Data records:
------------------------------------------------------------
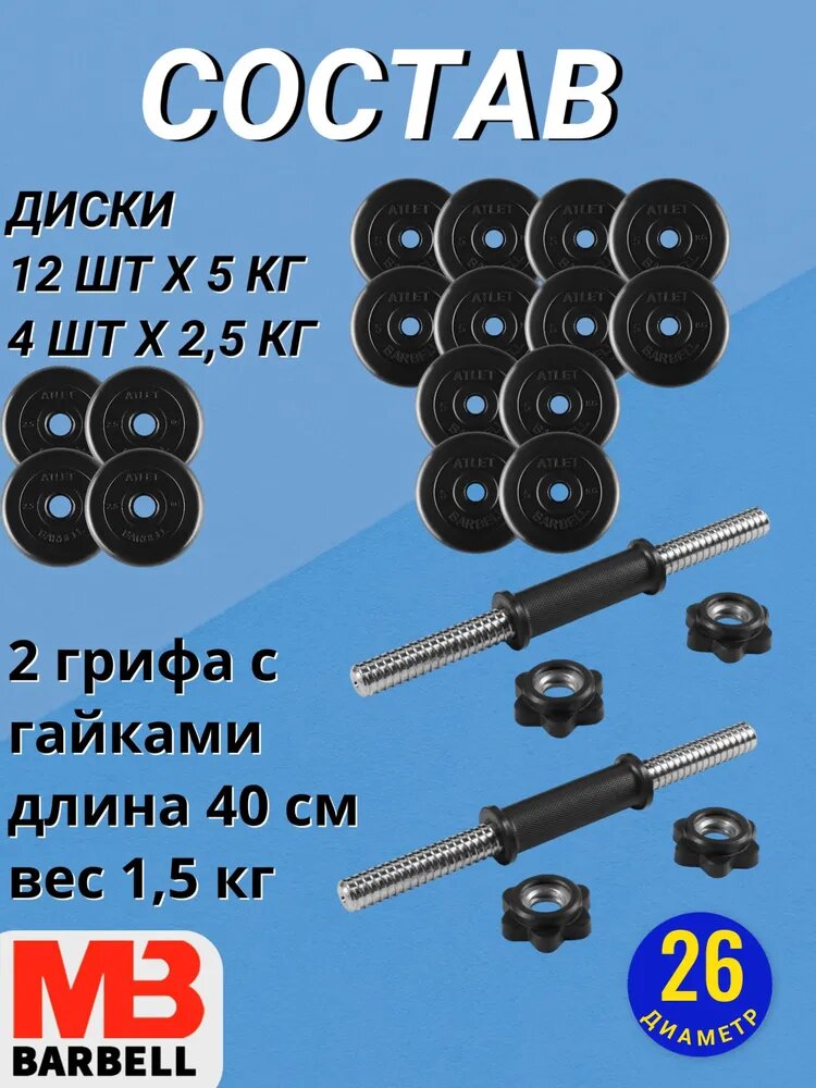 Купить Гантели разборные обрезиненные комплект 2 шт по 36,5 кг MB Barbell с доставкой по всей России. Гантели разборные обрезиненные комплект 2 шт по 36,5 кг MB Barbell: сравнение цен, характеристики, фото, актуальное наличие и цены.
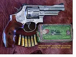 Smith & Wesson wished to pair their new revolver design with a worthy new ammunition chambering.[5] At the time, smokeless powder was state of the art in ammunition technology. Older black-powder ammunition was in the process of being converted to smokeless. Smith & Wesson's popular .44 Russian cartridge had established a reputation for superb accuracy and was a renowned target load, and they decided to use an improved smokeless powder version as the basis for the new round. Due to the lower energy density of the early semi-smokeless powders, prior efforts to convert the .44 Russian to smokeless had produced less than stellar ballistic performance. Smith & Wesson addressed this issue by lengthening the .44 Russian cartridge case by 0.190-inch (4.8 mm) and increasing the powder capacity by 6 grains (0.39 g).[6] The resulting design, which S&W called the .44 Special, had a case length of 1.16-inch (29 mm).[5]
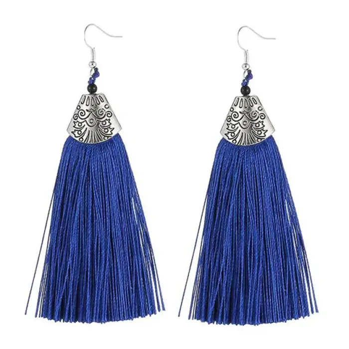 Элегантные серьги-кисточки в насыщенном синем цвете — это не просто аксессуар, а настоящая находка для любителей стильных решений. Изготовленные из бижутерного сплава с покрытием под серебро и акрила, они добавят яркий акцент в любой образ.
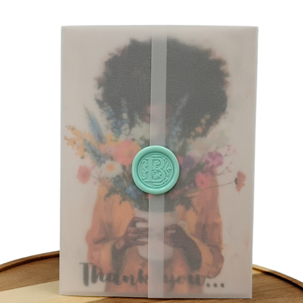 Have something you want to say? Say it with us. This card feature's 3 prints: the outside, inside and back. Front cover says, "Thank You", Inner Print says, "For nurturing me" with flowers on the top and bottom border and space to print. Back cover is graphic print and company logo.
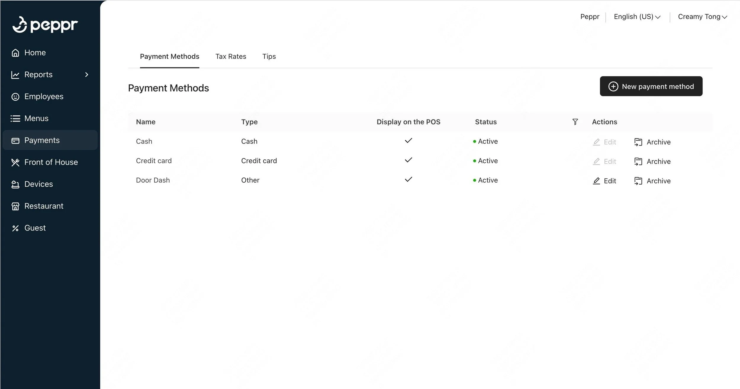 Learn how to set up and customize payment methods, including cash, card, and other options, to reflect in reports and enhance transaction management.
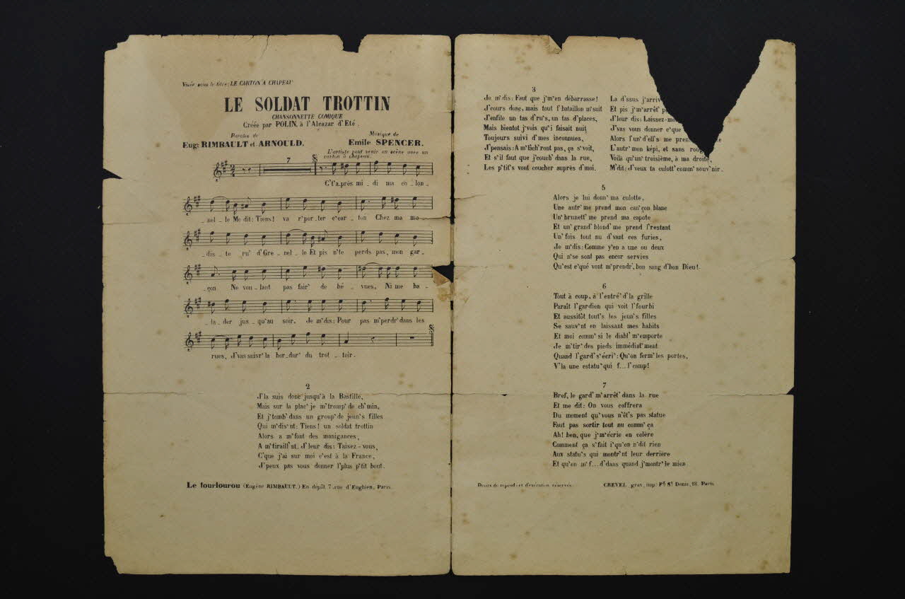 Feuillet rectangulaire en papier industriel, imprimé à l?encre noire. Partition en mauvais état de conservation : les deux volets, séparés suite à la déchirure de la tranche sur toute sa hauteur, sont maintenus ensemble par des morceaux de papier-timbre postal.
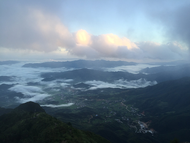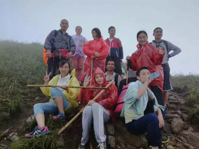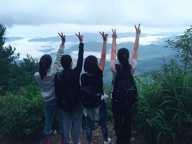 一路全是山路,上坡,爬了一个小时小伙伴有掉队的,饿的,呼吸急促的,走的腿发软的,甚至撕心裂肺哭的,都看到山上的云海和快出来的太阳,所有的累全部都消失了,开心的就是各种的自拍。
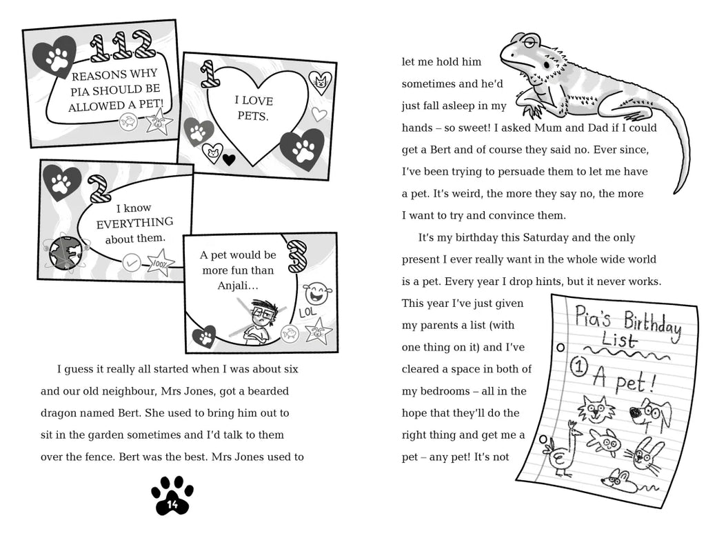Meet Pia, the girl who loves pets, but isn't allowed one of her own! A brand-new laugh-out-loud series of funny animal adventures packed with hilarious illustrations, from the bestselling and award-winning creators of Anisha, Accidental Detective.
------------------------------------------------------------
Using the data above, retype exactly the lines from the line with "Have something you" to the line with "一路全是山路,上坡,爬了一个", inclusive. No pictures and nothing else.

 Have something you want to say? Say it with us. This card feature's 3 prints: the outside, inside and back. Front cover says, "Thank You", Inner Print says, "For nurturing me" with flowers on the top and bottom border and space to print. Back cover is graphic print and company logo.
 Learn how to set up and customize payment methods, including cash, card, and other options, to reflect in reports and enhance transaction management.
 Feuillet rectangulaire en papier industriel, imprimé à l?encre noire. Partition en mauvais état de conservation : les deux volets, séparés suite à la déchirure de la tranche sur toute sa hauteur, sont maintenus ensemble par des morceaux de papier-timbre postal.
 一路全是山路,上坡,爬了一个小时小伙伴有掉队的,饿的,呼吸急促的,走的腿发软的,甚至撕心裂肺哭的,都看到山上的云海和快出来的太阳,所有的累全部都消失了,开心的就是各种的自拍。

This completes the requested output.